#### WHAT IS REQUIRED
Using the records below, give again exactly the lines from the line that contains "The next figure" through the line that contains "hoco Bluetooth-колонка BS48, MP3, microSD, мощность", both ends included, and only those.

#### AVAILABLE DATA
__________________________________________________

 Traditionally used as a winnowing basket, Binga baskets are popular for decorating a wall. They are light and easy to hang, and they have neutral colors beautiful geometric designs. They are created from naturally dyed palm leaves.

__________________________________________________

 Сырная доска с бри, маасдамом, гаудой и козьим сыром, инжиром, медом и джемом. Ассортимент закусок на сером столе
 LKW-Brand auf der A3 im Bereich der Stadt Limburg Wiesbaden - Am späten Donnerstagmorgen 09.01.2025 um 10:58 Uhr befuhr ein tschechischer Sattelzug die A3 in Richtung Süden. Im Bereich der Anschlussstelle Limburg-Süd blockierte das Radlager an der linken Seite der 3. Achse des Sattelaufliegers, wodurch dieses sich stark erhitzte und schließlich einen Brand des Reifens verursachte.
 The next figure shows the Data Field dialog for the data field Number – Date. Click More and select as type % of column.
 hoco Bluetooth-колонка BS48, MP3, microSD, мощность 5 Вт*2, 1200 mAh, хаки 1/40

__________________________________________________

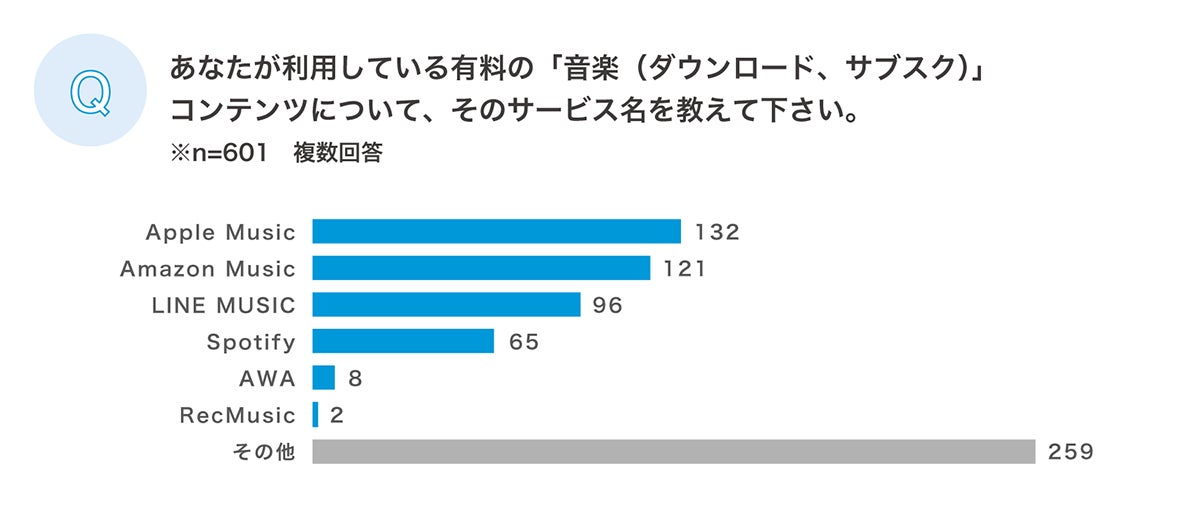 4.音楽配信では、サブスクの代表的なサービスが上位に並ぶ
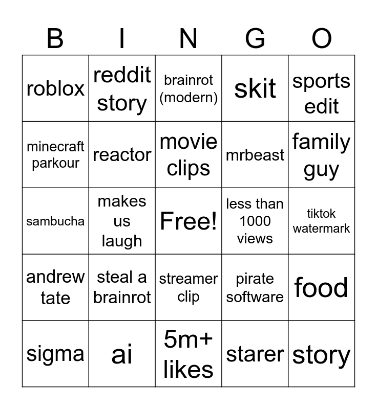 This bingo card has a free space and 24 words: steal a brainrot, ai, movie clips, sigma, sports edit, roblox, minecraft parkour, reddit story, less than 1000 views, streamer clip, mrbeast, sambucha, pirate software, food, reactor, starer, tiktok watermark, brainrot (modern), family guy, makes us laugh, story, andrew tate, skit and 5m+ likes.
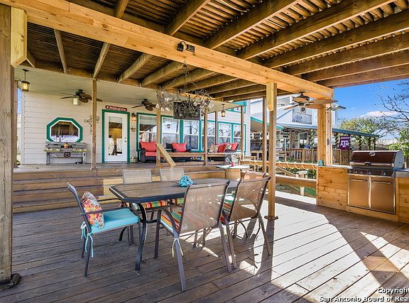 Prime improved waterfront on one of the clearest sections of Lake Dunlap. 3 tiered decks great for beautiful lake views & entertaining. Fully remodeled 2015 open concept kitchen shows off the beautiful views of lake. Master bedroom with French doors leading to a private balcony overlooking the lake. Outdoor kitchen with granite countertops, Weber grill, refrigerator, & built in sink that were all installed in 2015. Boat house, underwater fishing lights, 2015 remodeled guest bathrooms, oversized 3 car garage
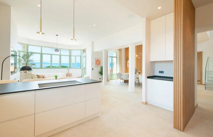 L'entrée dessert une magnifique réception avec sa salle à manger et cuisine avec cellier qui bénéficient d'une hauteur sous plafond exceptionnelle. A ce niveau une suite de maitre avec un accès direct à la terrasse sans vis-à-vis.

__________________________________________________

#### ANSWER AREA
 The next figure shows the Data Field dialog for the data field Number – Date. Click More and select as type % of column.
 hoco Bluetooth-колонка BS48, MP3, microSD, мощность 5 Вт*2, 1200 mAh, хаки 1/40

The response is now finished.